Stored records:
* * *

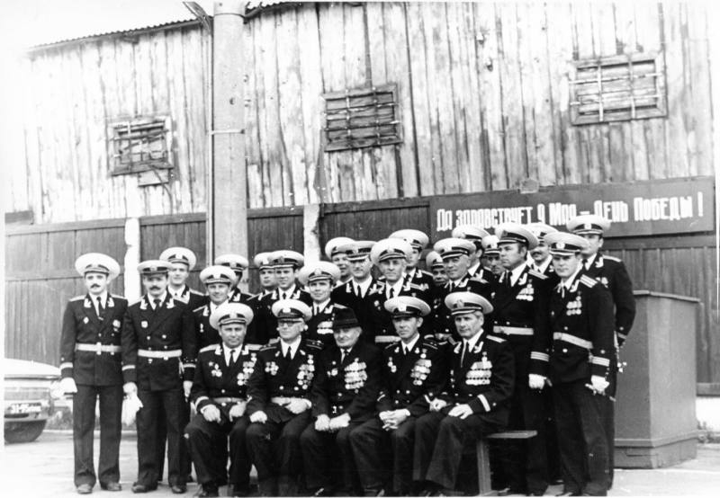 9.05.1982 г. Ветераны бригады. Первый ряд справа налево: капитан 1 ранга запаса Лукаш Д.Т., мичман запаса Григорьев Н.М., мичман в отставке Колбецкий А.Н., (в разведке с 1936 г, старшина катера "Пчела"), мичман запаса Пугач, начальник центра РЭР капитан 1 ранга Шиш П.И. |
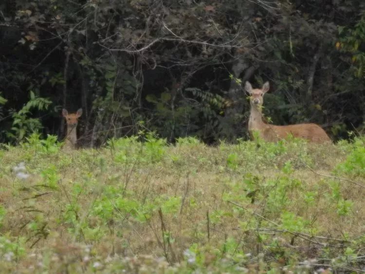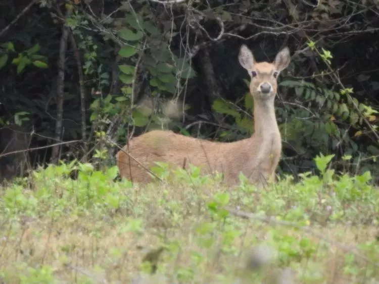 剛進入保護區(qū),只見一只坡鹿謹慎地盤坐在遠處的草坪上。它一見我們就緊張地跑進了叢林里。半晌兒,那只母鹿又從林子里探出了頭,警覺地觀察著四周。經過一番試探之后,它才小心翼翼地走出來,后面還跟著一只小鹿。這個依偎在媽媽身邊的可愛的小寶寶長得可精神了!高高的鼻梁下面裂開一張小嘴,烏黑的眼睛閃閃發(fā)光,小耳朵直挺挺地豎起來。
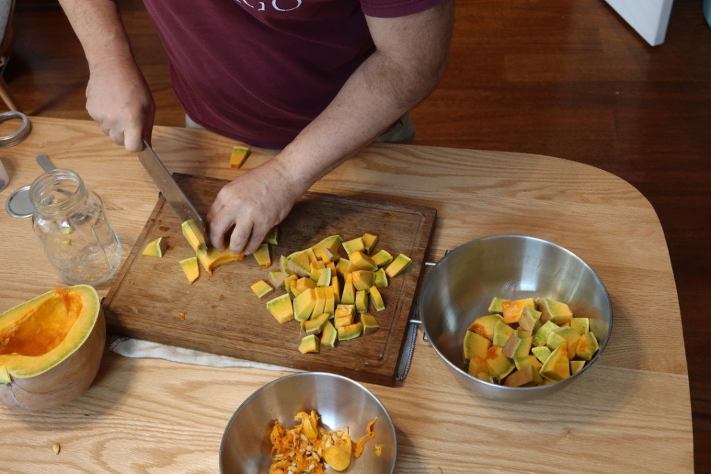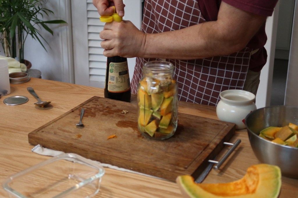 I’ll let both batches sit for a couple of weeks, and then decide what to do next. If the pumpkin comes out relatively firm, I will try sun drying it to concentrate its flavor. If it comes out soft, I might try making it into a sauce that can be used directly as a topping for noodles. In any case, I certainly know what not to do.
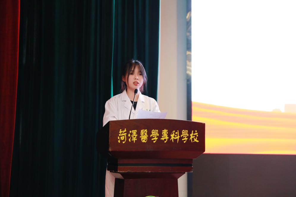 2022级药学2班赵珍珍同学代表店长班学员发言,她表示将会带领店长班学员以企业导师为榜样,专心学习、勤于思考、珍惜机会、严格自律,争取早日成才。
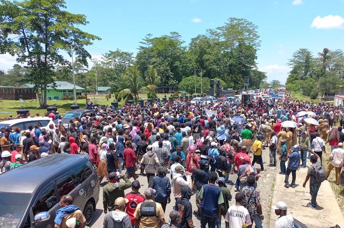 PAPUA, JAGAMELANESIA.COM – Gelombang protes massa mewarnai jalannya proses hukum terhadap seorang Pelaksana Tugas (Plt) kepala daerah di Papua. Ribuan massa turun ke jalan memprotes penetapan tersangka sekaligus menolak kriminalisasi terhadap Plt Bupati Mimika Johannes Rettob.
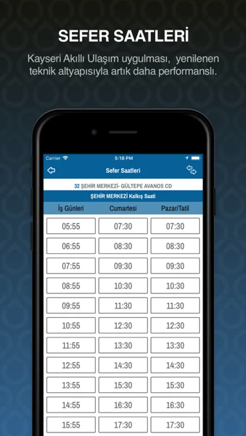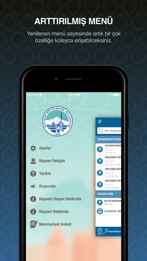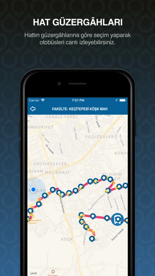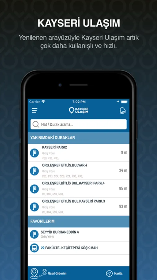 Mobil Ulaşım uygulaması ile dilediğiniz an, istediğiniz durağa ait otobüs güzergâh bilgilerine, varış saatlerine anlık olarak ve otobüse ait konumu cep telefonunuzdan takip edebilirsiniz.

* * *

**Aim of the task:** Could you transcribe exactly the lines from the line containing "2022级药学2班赵珍珍同学" through the final line of the records, both included, and nothing beyond them? The pictures should be left out.

**Answer space:**
 2022级药学2班赵珍珍同学代表店长班学员发言,她表示将会带领店长班学员以企业导师为榜样,专心学习、勤于思考、珍惜机会、严格自律,争取早日成才。
 PAPUA, JAGAMELANESIA.COM – Gelombang protes massa mewarnai jalannya proses hukum terhadap seorang Pelaksana Tugas (Plt) kepala daerah di Papua. Ribuan massa turun ke jalan memprotes penetapan tersangka sekaligus menolak kriminalisasi terhadap Plt Bupati Mimika Johannes Rettob.
 Mobil Ulaşım uygulaması ile dilediğiniz an, istediğiniz durağa ait otobüs güzergâh bilgilerine, varış saatlerine anlık olarak ve otobüse ait konumu cep telefonunuzdan takip edebilirsiniz.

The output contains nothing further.